Gene Robinson, an openly gay bishop in the Episcopal Church, has been ordered by Rowan Williams, the Archbishop of Canterbury, "not to preach or preside at a eucharist while he is in England."

This only serves to confirm what I've already suspected, namely that Rowan Williams is an utterly contemptible jerk.

Ascension Day

Sea Raven, in a powerful sermon for Ascension Day in the blog Liberal Christian Commentary, asks the question, Why is “the church” still standing around looking skyward?
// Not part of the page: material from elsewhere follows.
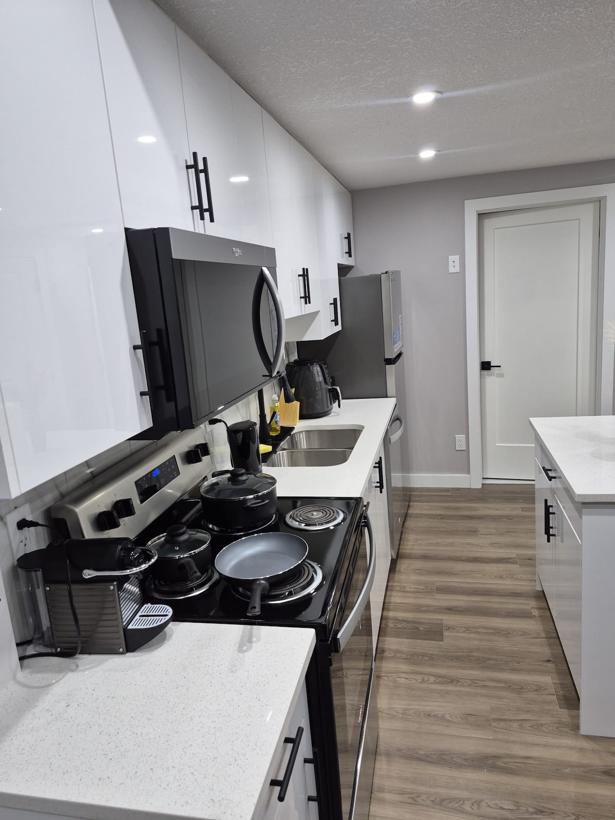 Centrally located brand new modern oasis with separate entrance and the entire place to yourself. Steps to NAIT, Royal Alexander Hospital, Kingsway mall and 10 minute drive to downtown and Rogers Place. Fully furnished with all the necessary items including a kettle, toaster, coffee maker, dishes, pots and pans.

Referring to the four pillars of Imperial theology as outlined by Dominic Crossan--piety, war, peace, victory--she pointedly describes how in practice each of these pillars exhibits a moral bankruptcy that serves only to advance the interests of Empire. For example, "piety" is

“Faith” as “belief” in premodern cosmology; “faith” as “belief” in a resuscitated corpse; “faith” as the certainty that one religion (or political system) is the only true and legitimate one; “faith” as following the drumbeat of political expediency
which in turn leads to war, which in turn leads to a Pyrrhic victory, which in turn leads to a promised, but never fulfilled, peace.

This is the time in the church calendar when much of Christendom will be celebrating a mythical event that never actually took place--the supposed ascension of Jesus upwards, without the benefit of a Jetsons-style jetpack, towards some "heaven" in the dome of the sky as conceived by a pre-modern cosmology that we long ago rejected in favor of a Copernican model. Yet, meanwhile, the prophetic Jewish tradition that this selfsame Jesus came from--that of speaking truth to power--becomes muffled in the process.

She poses the question of what really is the meaning of deliverance?
salvation from hell? or liberation from injustice? And what are the radical acts that will ultimately redeem us – meaning buy us back – from the powers and principalities of Empire and restore us to God’s realm of distributive justice-compassion? To choose liberation is to turn away from reactionary retribution. To choose liberation is to radically abandon self-interest and love enemies. Loving enemies means interacting, negotiating, listening, accommodating to the extent possible without losing integrity. To choose liberation is to speak truth to power no matter where it is. To choose liberation is to acknowledge our complicity with injustice, which is nearly impossible to avoid.

The struggle is to learn to let go of the fear that keeps us trapped in the particular human hells of war, famine, disease and death; to trust in the kingdom that is available whenever we enter the silence outside of the theology of Empire: Piety, War, Victory, which brings only an uneasy, ephemeral peace.
Why indeed is the church looking skyward? The real problems that a prophetic religious tradition should be facing are not found in the clouds, but right here on earth.